Things NOT necessary for this deliverable:

web scraping
data clean up
unit testing
plots
report
presentation

Document Purpose¶

It is a frequent student behavior to dive into a research project without fully understanding what data is available and challenges ahead. This deliverable is to assure that the student has the necessary data and has the understanding of the pending challenges.

The Discovery Document’s purpose is to:

Illustrate that you have found appropriate data.
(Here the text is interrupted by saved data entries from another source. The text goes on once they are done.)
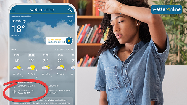 Hohe Taupunkte am SonntagIm Nordwesten unangenehm schwül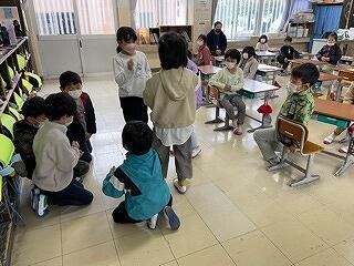 2年生は生活科の学校探検で、どの教室をどのように説明するかを各班ごとに話し合っていました。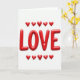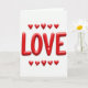 This card shows the word “LOVE” in big, rounded 3D letters that look like shiny red balloons. The letters sit centered on a plain white background, with soft light creating gentle highlights and shadows across the curved surfaces. Above the word, a row of five small red hearts is spaced evenly, and another matching row sits below it. Everything is a rich red, and the glossy finish makes the hearts and letters feel bright and full of warmth. The text “LOVE” appears in thick, smooth lettering, and it’s the main focus right in the middle of the card. It’s a simple design, but it says a lot, making it easy to give to a partner, a close friend, or anyone you care about 🥰❤️. It feels meaningful because it doesn’t over-explain—just a clear reminder that love is there. Hope it helps you share your Valentine’s Day feelings in a kind, honest way.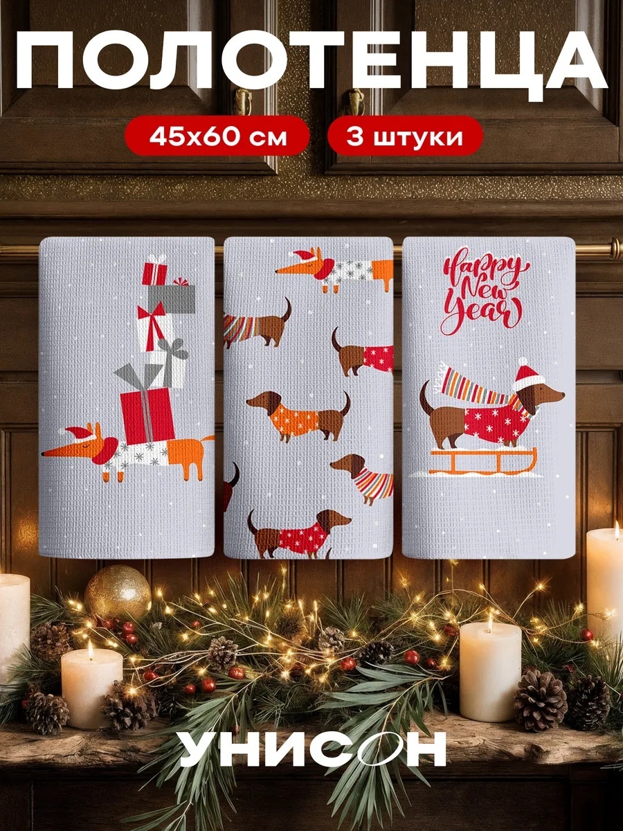Новогодние полотенца кухонные набор 45х60 3 шт (Таксы)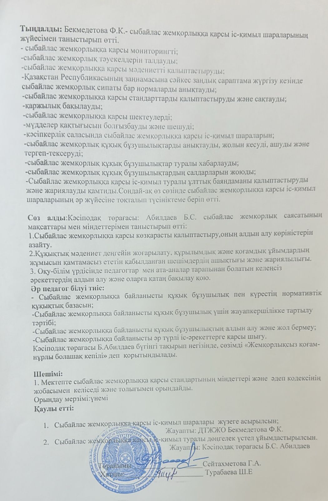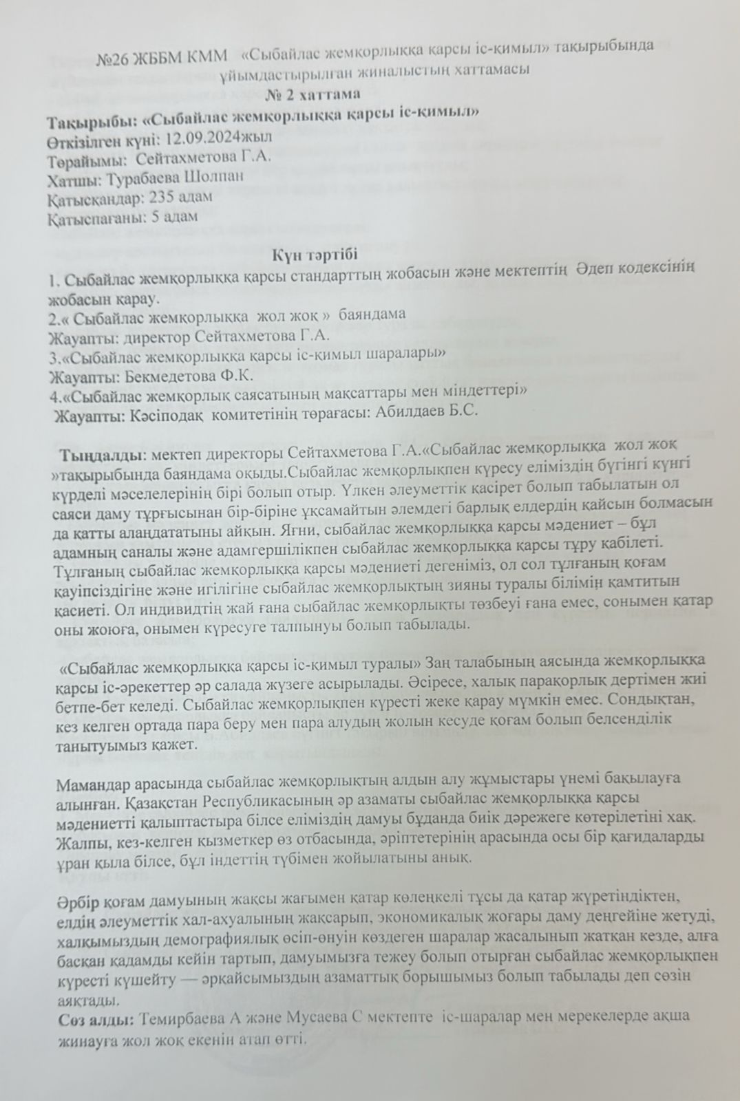 "Сыбайлас жемқорлыққа қарсы іс-қимыл" №2 хаттама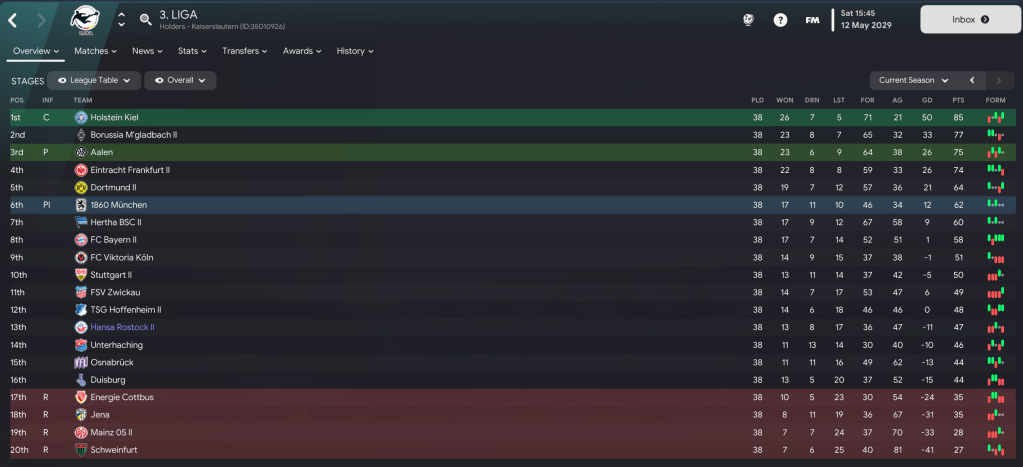 They celebrated that survival by going to 3rd-place Aalen and winning 3-2 with goals from Schumacher, Fuchs and full-back John-Patrick Strauß. And the season was rounded off with a 0-0 draw against Jena then a solid 1-0 defeat at Dortmund II.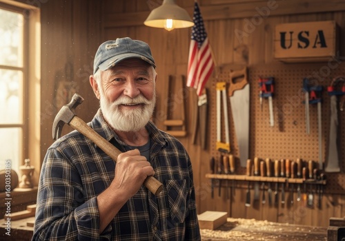 Obraz premium Smiling carpenter with hammer in workshop tools USA flag and wood shavings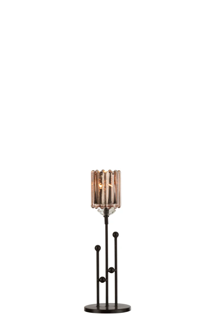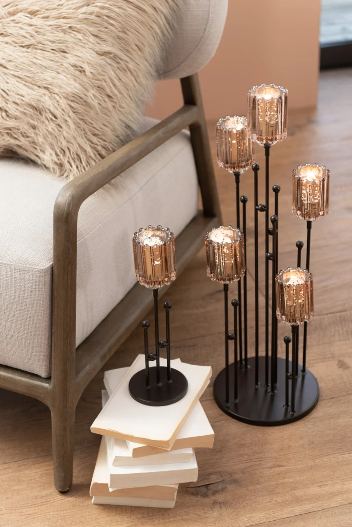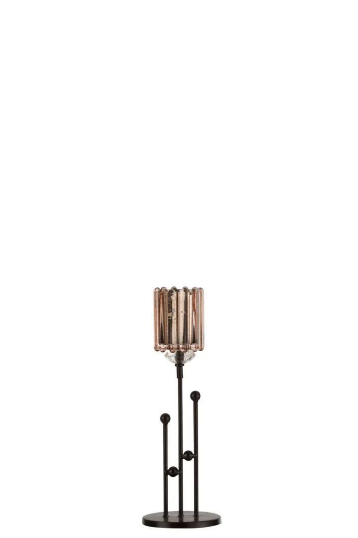 Deze sfeervolle theelichthouder komt mooi tot zijn recht op een gedekte tafel of smalle vensterbank. De combinatie van warmbruin glas en zwarte metalen accenten oogt stijlvol en modern. De constructie voelt stevig aan. Minder geschikt voor buitengebruik. Ideaal voor liefhebbers van subtiele decoratie. Een smaakvolle toevoeging voor elk interieur.

The data must be:

Large enough (500 lines or more)
Available for download (CSV file format)
Has the necessary information to successfully conduct your research

Present a few questions (about the data)

This is the focal point of your research
Express why your questions are of interest (motivation)
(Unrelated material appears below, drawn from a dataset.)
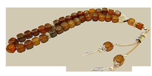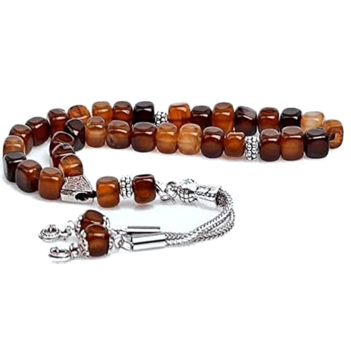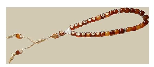 Other - سبحه عقيق بني 33 حبه مطليه فضي 7 مم، للجنسين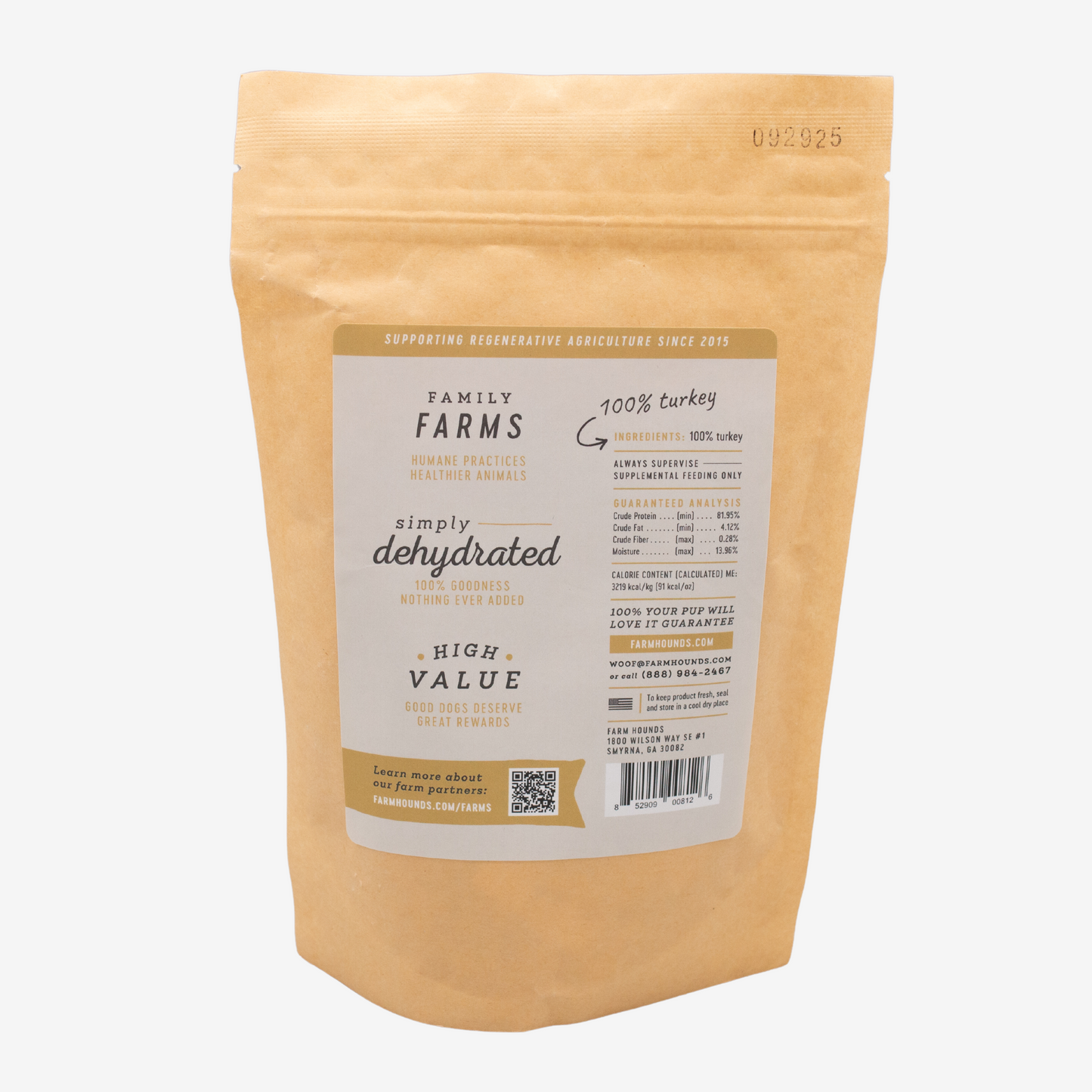 Only the GOOD stuff: Every bag is 100% Turkey that is transparently sourced from family farms! With the power of dehydration, we offer your pups treats that are free of salt, sugar, fillers, chemicals, and preservatives!

Illustrate that you understand the data:

Know how the data was sourced
Know how the data may be limited (reliability, accuracy, completeness, messy)
Identify & explain relevant columns: names, format, units, ranges, cleanliness
Issues or challenges in working with the data (e.g. too big, non-standard key formatting making cross-referencing difficult, missing information, too broad or narrow)

Establish Challenge Goals:

While this may change, it is important to consider what challenges you intend to take on.

Research Questions¶

A common mistake in a research project is to not have a research goal in mind. Students can seek out data and then aimlessly proceed to execute an exploratory process without direction. While exploration is certainly part of Data Science, you should have some specific questions in mind that you intend to answer. Your questions should revolve around identifying correlations and not causations. Don’t worry if you don’t expose an obvious correlation; your plots are successful if they identify non-correlations.

Another common mistake is to take on a project that is only mildly interesting and without consequence or impact. For example, one might identify the most popular genre of movies without an explanation of why we should care. Perhaps there is a very good reason we should care. Don’t simply answer mild curiosities.

Keep Questions Updated¶

In conducting research, the formulation of a research question is a crucial step that evolves over time. As researchers delve deeper into the subject matter, gain new insights, and adapt to changing circumstances, the initial research question may undergo modifications or even a complete transformation. Changes can occur due to many reasons such as:

Pilot Study or Data Collection
Data Analysis and Initial Findings
Feedback and Peer Review

Demographics¶

Having multiple research questions that focus on different areas or demographics within a project can enhance the depth and breadth of your study. Here’s a description of how to accomplish this and a specific example to illustrate the concept:

To create multiple research questions focusing on different areas or demographics, you should first identify the key dimensions they wish to explore within the broader research topic. These dimensions could be distinct variables, subgroups, or specific factors of interest. Each research question should be clear, relevant, and aligned with the unique characteristics of the subgroup or area under investigation.

Examples¶

How does the number and rate of aviation accidents correlate with different aspects of the temporal dimension (technological progression)?
What is the relationship between aircraft mechanical factors and the likelihood of aviation accidents?
How do external environmental factors such as geographical patterns and weather conditions correlate with the occurrence of aviation accidents?
What is the role of human factors, including communication, crew-related factors, and staffing levels, in aviation accidents and incidents?
To what extent can machine learning extract factorial information from personal narratives of aviation accidents?

Comments¶

In this example, the researchers have formulated five distinct research questions, each focusing on a different area and demographic. By having multiple research questions, the researchers can collect data specifically tailored to each potential hazard in aerospace engineering as well as factors of ML.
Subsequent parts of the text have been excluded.